The survey hit a record low of 51.7 in May, 1980.
The index of consumer expectations rose to 53.5 from 50.5. Survey director Richard Curtin said confidence in the Obama administration’s economic policies improved consumers’ mood, with 22% of those surveyed rating policy favorably in March, compared with 7% in January.
Americans’ view of their present situation remained dim, with the index of economic conditions slipping to 63.3 in March from 65.5 in February.
"Although the data indicate that the downward momentum in confidence ended in the closing months of 2008, there is no evidence that consumers expect their finances to improve any time soon," Curtin said first cash advance.
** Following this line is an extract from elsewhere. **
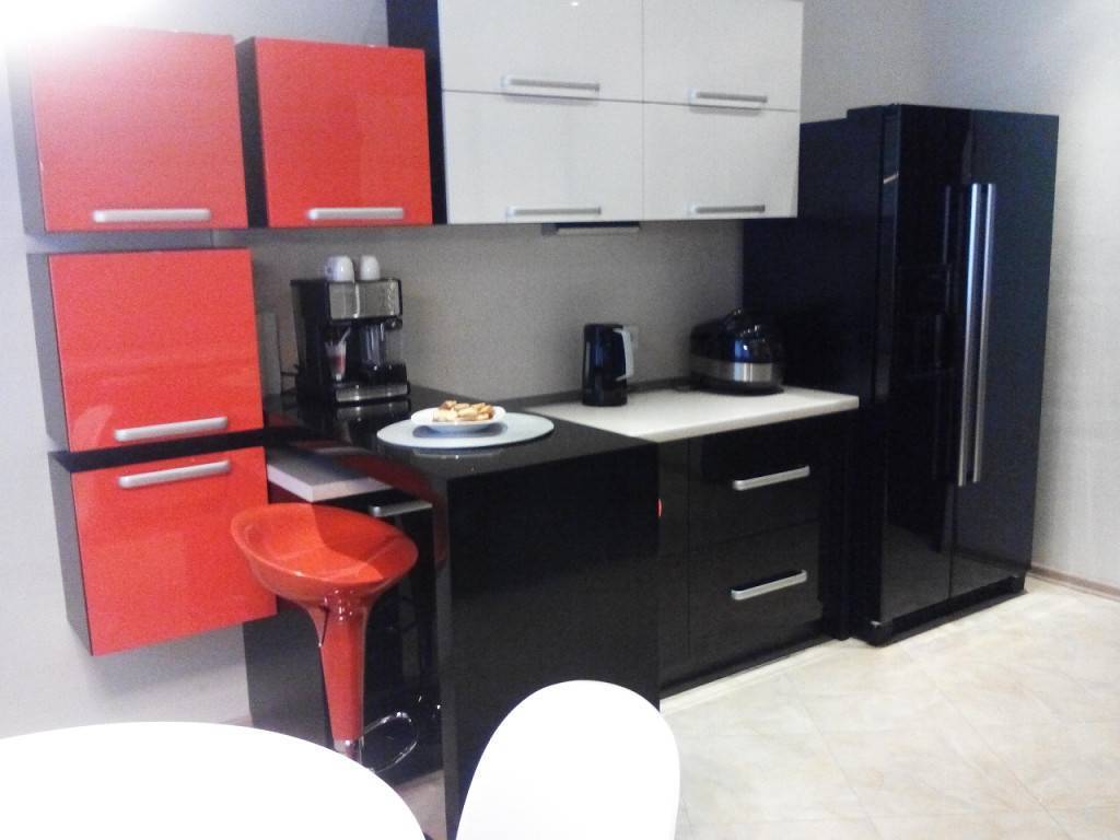 Черно-красная кухня выглядит самодостаточно и допускает использование только простых линий при декорировании, никаких завитков и пестрой фурнитуры она не терпит. Черный низ – красный верх, и наоборот, смотрятся гармонично при наличии третьего фонового белого цвета молочного или оттенка слоновой кости.

While the survey showed 44% of consumers expected government policy to improve their personal finances, an all-time record number of consumers said incomes had declined compared with a year ago.
They also anticipated the smallest annual income gains ever recorded - 0.2% compared to 2.5% a year ago.
Stocks pared losses after the sentiment data, while the dollar held its gains against the euro.
Inflation signals were mixed. The report’s reading on one-year inflation expectations rose to 2% from from 1.9% in February, but five-year inflation expectations fell to 2.6% from 3.1%.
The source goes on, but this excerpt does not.